A Human-LLM Teaming Framework for Privacy Risk Analysis: An Illustration with CBDC-Based Welfare Schemes
2026-08-17 • Emerging Technologies
Emerging TechnologiesArtificial IntelligenceComputational Engineering, Finance, and ScienceComputers and Society
AI summaryⓘ
The authors looked at how digital money systems used for welfare can risk people's privacy because they handle lots of personal data. They suggest a teamwork method where humans and large language models (LLMs) work together to better spot privacy risks. The LLM quickly organizes information while humans check, improve, and finalize the findings. Their example shows how this cooperation helps tell apart facts from guesses and fills in missing information. This work helps create better ways for humans and AI to analyze privacy concerns.

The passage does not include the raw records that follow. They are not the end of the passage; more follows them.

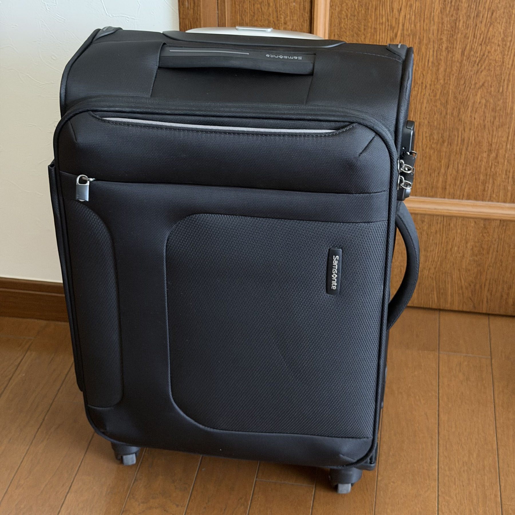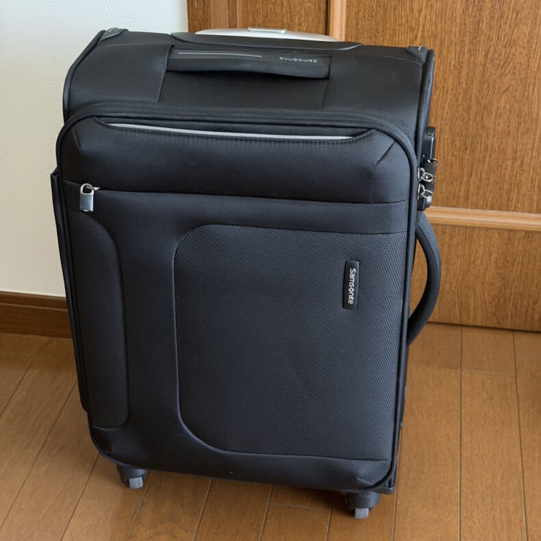 愛用しているサムソナイトの機内持ち込みサイズのスーツケース。サムソナイトはスーツケースの大きさを「スピナー」という名前で表現していて、これは「スピナー55」です。
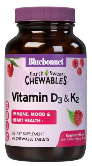 EarthSweet® Chewables Vitamin D3 & K2, 60 Raspberry Chewable Tablets, by Bluebonnet
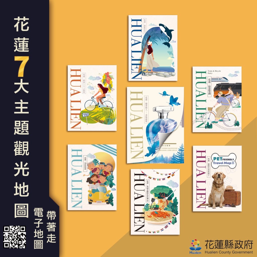 花蓮縣政府推出7大特色主題的旅行地圖,邀請民眾從各種視角體驗花蓮,包括探索最美的蔚藍台11線和稻浪193線、以雙鐵悠遊花蓮、尋訪花蓮的各種香味,以及品嚐外國老闆製作的道地異國料理,同時也特別為家族親子旅遊及寵物旅遊提供所需的旅遊資訊,滿足不同類型遊客的不同需求,深度體驗花蓮的多元及美好。 觀光處長張志翔表示,花蓮縣政府一直以來積極發展特色主題和分眾旅遊,今年特別新推出「稻浪193」、「蔚藍台11」及「悠遊雙鐵」旅行摺頁,讓民眾沿著193線及台11線深入花蓮兩大國家風景區包含花東縱谷及東海岸,不論是喜歡一個人的輕旅行,或是結伴出遊,都能在各種地圖中找到適合自己的旅遊點,民眾可至花蓮旅遊服務中心及花蓮轉運站索取紙本地圖,或至花蓮觀光資訊網下載 (https://reurl.cc/ERRL3g) 電子摺頁。另外掃描地圖上的QR Code就可連結至Google地圖,方便行程規劃。

Central Bank Digital Currencyprivacy risk assessmentwelfare schemeslarge language modelshuman-AI teamingdata characterizationsurveillancestigmatizationcontextual evaluationPRIAM methodology
Authors
Sourya Joyee De, Abdessamad Imine
Abstract
Central Bank Digital Currency (CBDC)-based welfare schemes may be potentially privacy invasive as they process significant volumes of beneficiary personal data and lead to privacy harms such as surveillance, discrimination and stigmatization. Such welfare delivery schemes involve complex digital ecosystems and large number of stakeholders. Consequently, to examine their privacy risks, privacy risk assessments require extensive information gathering and synthesis, complex reasoning, scenario explorations, contextual evaluation and human judgement. Thus, they present ideal scenarios for human-LLM teaming, where effective integration of complementary human and LLM capabilities can yield an outcome far superior to either human-only or LLM-only assessments. In this paper, we propose a first human-LLM teaming framework for the systematic privacy risk analysis methodology called PRIAM. The framework specifies an iterative collaborative process in which the LLM processes large-scale documentary evidence to produce initial outputs, which are then interpreted and evaluated by human experts who direct their further refinement by the LLM and exercise their judgement to finalize the output. We illustrate the framework on the data characterization activity of PRIAM using a CBDC-based welfare scheme use case. The illustration demonstrates that while LLMs generate the initial data categories and assign initial values to data attributes, human experts evaluate and provide feedback to refine them, distinguishing documented evidence from inferences, identifying information gaps, and flagging unsupported or ambiguous outputs. This framework serves as a foundational contribution towards human-AI teaming for privacy risk assessments.